Figure rituelle immuable des dispositifs d’accélération, le Demo Day de la promotion automne 2015 de la Foundry qui s’est tenu le mois dernier au CITRIS est, dans la composition des équipes présentées, assez emblématique du type de startups recherchées et produites. 5 sociétés en constituaient la substance :

- Ayar Labs miniaturise des transcepteurs optiques pour les intégrer aux puces électroniques, ce qui permet de réduire drastiquement la consommation énergétique des serveurs.

- FrootBot développe des agrirobots autonomes qui recueillent, visualisent et traitent des situations critiques.

- Iota Labs développe un système physique de notification contextualisée de smartphone.

- New Sun Road développe des systèmes modulaires de microgrids intelligents qui produisent de l’électricité et de l’accès à l’Internet pour les communautés sous-équipées des pays en développement (Ouganda et Vietnam pour l’instant).

- Nosocom Solutions produit des dispositifs technologiques de lutte contre les maladies nosocomiales. Son premier produit est un dispositif de désinfection rapide et maximale des tabliers de plomb et des blouses blanches.


Rédacteur :
- Olivier Tomat, Expert Technique International, San Francisco, olivier.tomat@ambascience-usa.org ;

Notes

[1lequel sera d’ailleurs le premier gouverneur dans l’histoire de l’Etat de Californie (et le second dans l’histoire des Etats-Unis) à avoir été démis dans l’exercice de ses fonctions (procédure de recall), notamment pour des questions de maîtrise budgétaire.

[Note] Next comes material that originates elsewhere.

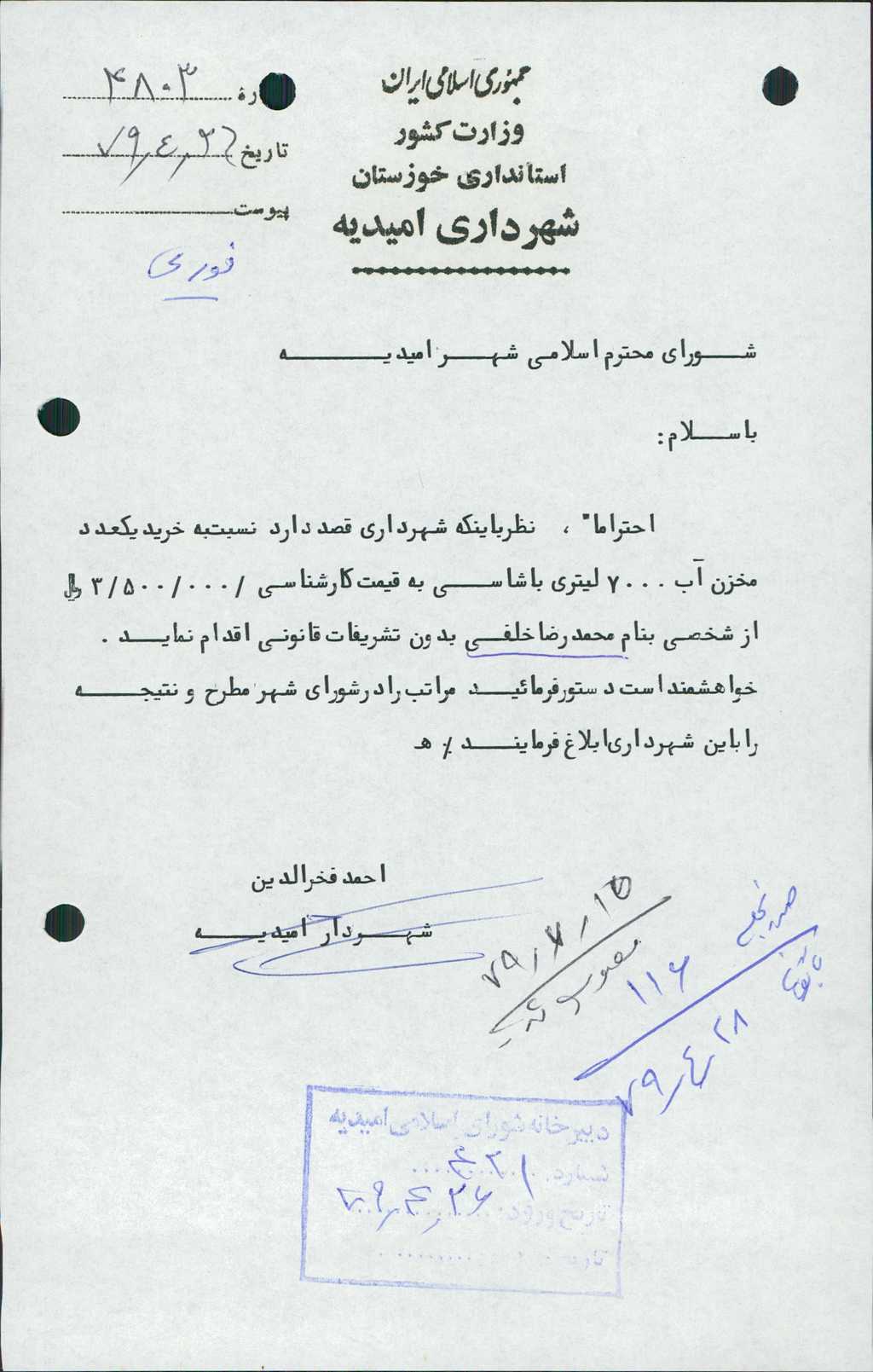 ۱۳-عطف به نامه شماره ۴۸۰۳مورخه ۲۶/ ۴/ ۷۹ با توجه به بررسي مجدد مقررشد با ترك تشريفات قانوني عمل شود.

[2lesquels deviendront par la suite les Governor Gray Davis Institutes for Science and Innovation.

[3du nom de Dado Banatao, ingénieur, entrepreneur et venture capitaliste philippino-américain, fondateur notamment de Chips & Technologies et de S3 Graphics. Il est de fait un contributeur financier important au CITRIS.

[4et mondial, du fait de l’excellence desdites activités, mais ce n’est pas le point ici considéré.

[5Designated Emphasis in Computational and Data Science and Engineering, qui est un cursus additionnel aux doctorats (et qui figure sur la mention desdits), centré sur la production et l’utilisation de la donnée, et qui agrège allègrement des compétences en sciences de l’information, en astronomie et en science politique.

[6Marvell NanoLab

[7Social App Lab : fondé par un anthropologue et Greg Niemeyer, il se dédie à l’élaboration de technologies et d’applications dédiées aux problèmes sociaux urbains.

[8Invention Lab

[9CITRIS Seed Funding, appel à proposition annuel, auquel est venu se joindre UC Riverside, d’un volume global de 800k$, et qui offre à ses lauréats (les équipes doivent comporter des chercheurs d’au moins deux campus différents) des subventions comprises entre 10 et 60k$.

[10On n’entrera pas ici, pour des raisons évidentes de format et moins évidentes d’historicité, dans la discussion passionnante sur les différenciations parfois artificielles et toujours normatives entre incubateurs et accélérateurs, en se contentant de noter simplement que la Foundry combine des éléments idéal-typiques des modèles canoniques de l’incubateur (l’infrastructure) et de l’accélérateur (la prise de participation).

[11Alic Chen et Peter Minor

[12Participant à l’aventure du Minitel au tournant des années 80 à Alacatel, VP Engineering & Research à Cadence Design Systems, vétéran avec trois vice-présidences à son actif d’Hewlett-Packard, directeur d’un centre de recherches à UC Berkeley, membres du conseil d’administration d’un nombre incalculables de sociétés, et tout récemment président du Human Advancement Research Community (HARC) de YCombinator, pour ne citer qu’une partie de cet impressionnant parcours.